The planned launch has been repeatedly delayed over the past week: on Sunday over weather on Earth, and on Wednesday over weather in space.

When it eventually blasts off, the 322-foot (98-meter) New Glenn rocket will have the task of sending US space agency NASA's ESCAPADE twin spacecraft to Mars, in a bid to study the Red Planet's climate history with the eventual hope of human exploration.

Thursday's launch window opens at 2:57 pm (1957 GMT) and lasts 88 minutes.

The second postponement was over "highly elevated solar activity" that NASA was worried could impact its spacecraft.

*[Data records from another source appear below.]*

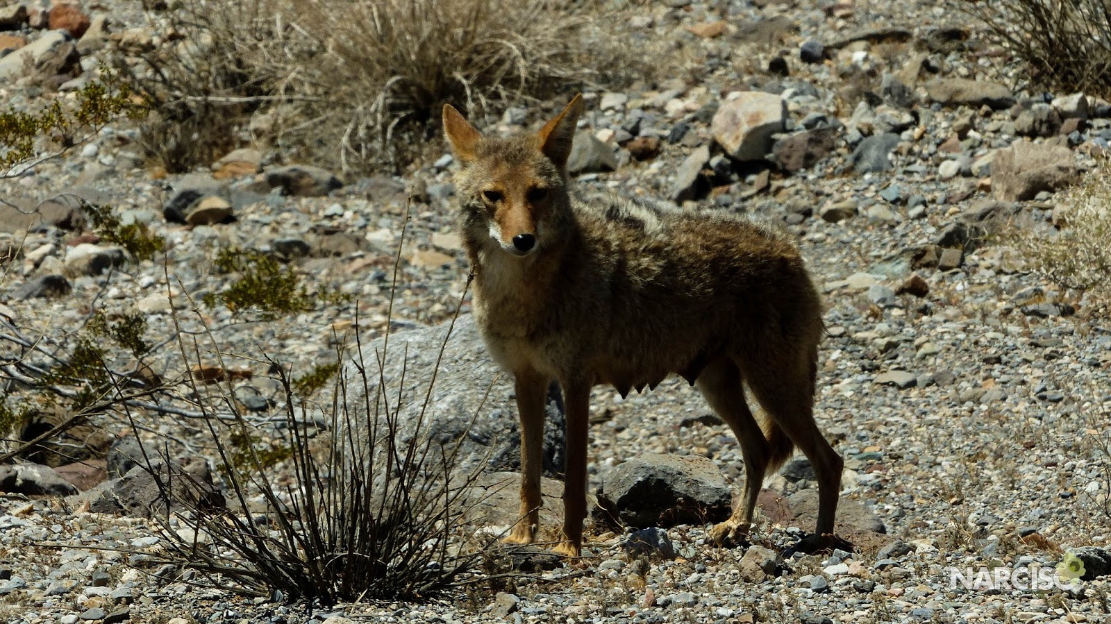 nonostante siamo solo in primavera, la stagione dell’anno che ci permette, comunque, di ammirare la valle nel periodo migliore che smentisce la sua fama di morte e desolazione: qualche fiore colorato spunta tra le basse piante aggrappate al suolo secco e arido ed un coyote solitario cammina su terre arse in cerca di cibo.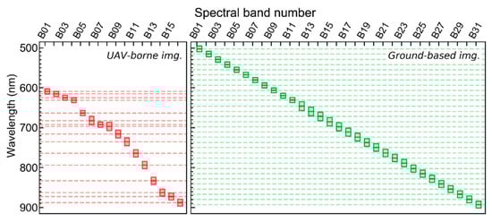 Specifications of the data acquired with the hyperspectral imaging system mounted on the UAV platform (red boxes, 16 spectral bands) and on handheld configuration (green boxes, 31 spectral bands; Section 2.3). Center line in each box indicate spectral band center and extremities for the full width at half maximum for each band (FWHM; varying between 13 and 21 nm for UAV data and between 13 and 23 nm for ground-based images).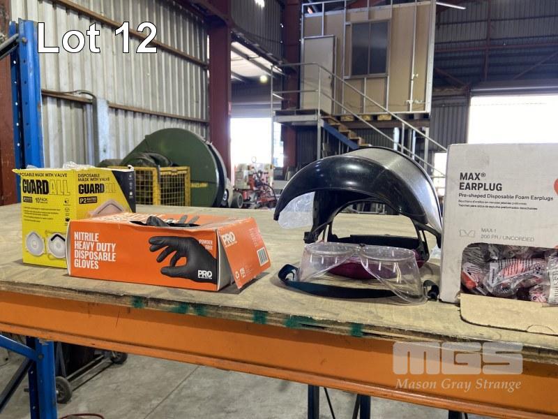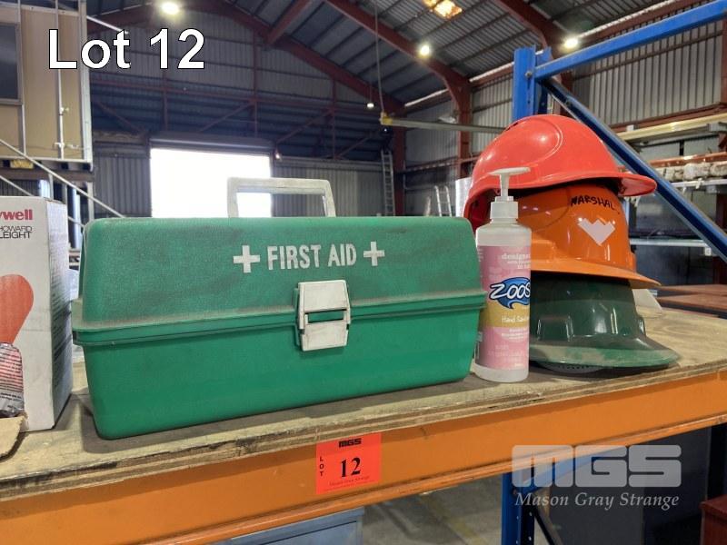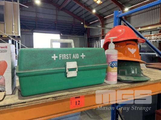 CONTENTS OF SHELF FIRST AID, ASSORTED PPE, HEAD SHIELD, HARD HATS, FACE MASKS ETC.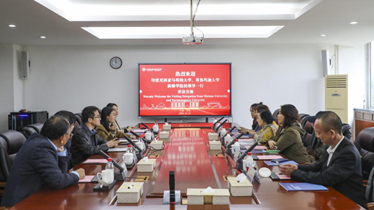 隨后,雙方在圖書館第一會議室進行洽談。史春猛校助代表學校致歡迎辭,期待以此次交流為契機,推動雙方在人才培養(yǎng)、學術(shù)研究、師生交流等領域深度牽手。接下來,雙方圍繞學生交換、教師互訪、聯(lián)合科研、課程共建等議題暢所欲言,達成多項共識。會場氣氛熱烈而友好,禮品互贈、合影留念定格下攜手共進的瞬間。

The sun recently has been spewing charged particles that are interacting with Earth's magnetic field, but the Space Weather Prediction Center said the geomagnetic storm was fading.

Closer to home, these space events have resulted in brilliant northern lights displays across the night sky in North America.

The New Glenn launch is due to proceed amid intensifying competition between Blue Origin and Elon Musk's SpaceX.

The rival companies of billionaires Musk and Bezos are locked in a commercial space race that recently escalated, as NASA opened up bids for its planned Moon mission.

Blue Origin's launch is to serve as a key test of whether it can achieve booster recovery, which would prove a technical breakthrough for the company if successful.

New Glenn's inaugural flight in January was marked as a success, as its payload achieved orbit and successfully performed tests.

But its first-stage booster, which was meant to be reusable, did not stick to its landing on a platform in the Atlantic, and instead was lost during descent.

In its second effort Blue Origin will try once more to recover the booster stage. Thus far, only Musk's company SpaceX has managed that feat.